§ **Work to complete**
The reply should consist solely of the lines from the one that holds "Gegen 19:00 Uhr" through the last line of the material, reproduced exactly; no pictures belong in it.

§ **Information supplied**
= Beginning of Section =

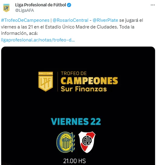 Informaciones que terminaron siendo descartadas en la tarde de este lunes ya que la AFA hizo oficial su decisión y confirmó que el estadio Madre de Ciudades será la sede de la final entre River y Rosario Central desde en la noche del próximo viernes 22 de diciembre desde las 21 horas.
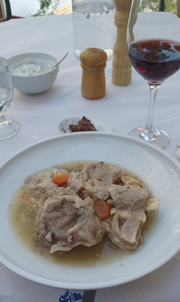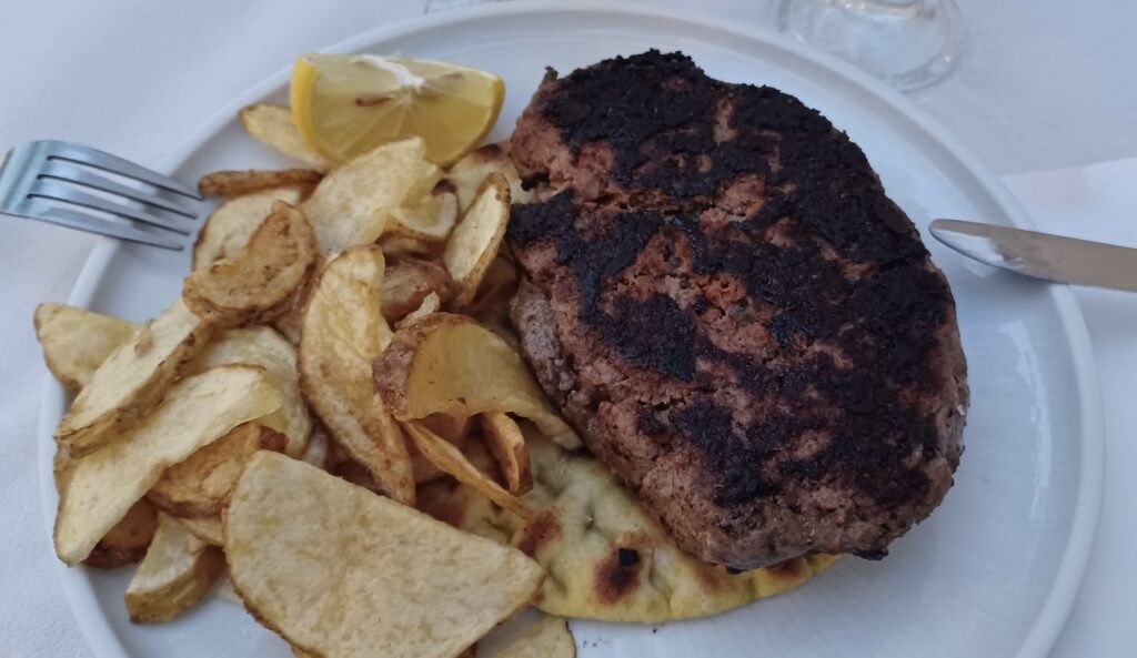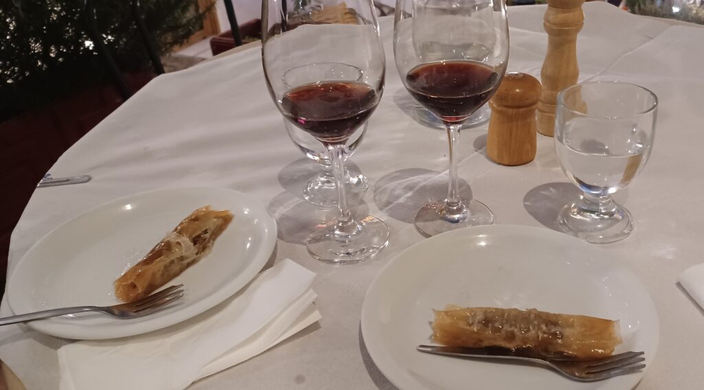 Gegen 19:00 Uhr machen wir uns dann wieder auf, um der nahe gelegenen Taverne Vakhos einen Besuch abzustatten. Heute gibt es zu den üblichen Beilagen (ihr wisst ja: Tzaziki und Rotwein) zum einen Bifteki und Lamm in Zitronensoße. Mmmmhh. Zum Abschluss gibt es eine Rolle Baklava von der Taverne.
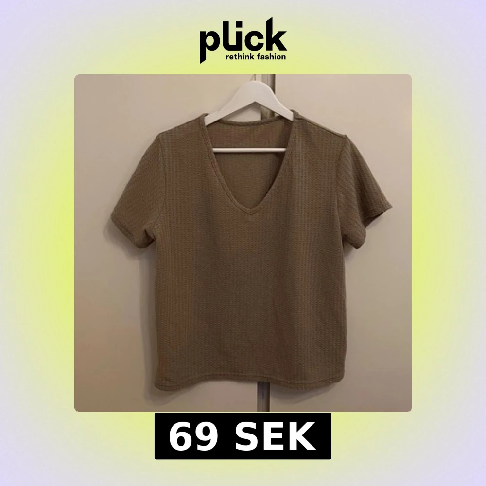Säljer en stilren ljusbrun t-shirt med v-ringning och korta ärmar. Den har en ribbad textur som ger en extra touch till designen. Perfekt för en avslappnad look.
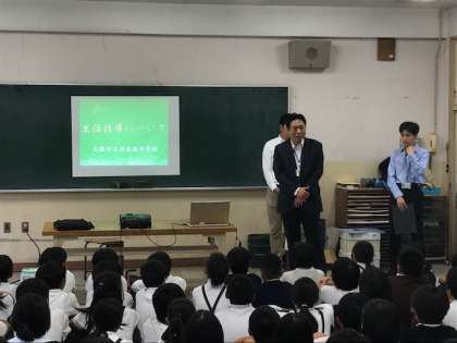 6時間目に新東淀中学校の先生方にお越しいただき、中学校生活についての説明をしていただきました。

= End of Section =

§ **Your solution**
 Gegen 19:00 Uhr machen wir uns dann wieder auf, um der nahe gelegenen Taverne Vakhos einen Besuch abzustatten. Heute gibt es zu den üblichen Beilagen (ihr wisst ja: Tzaziki und Rotwein) zum einen Bifteki und Lamm in Zitronensoße. Mmmmhh. Zum Abschluss gibt es eine Rolle Baklava von der Taverne.
Säljer en stilren ljusbrun t-shirt med v-ringning och korta ärmar. Den har en ribbad textur som ger en extra touch till designen. Perfekt för en avslappnad look.
 6時間目に新東淀中学校の先生方にお越しいただき、中学校生活についての説明をしていただきました。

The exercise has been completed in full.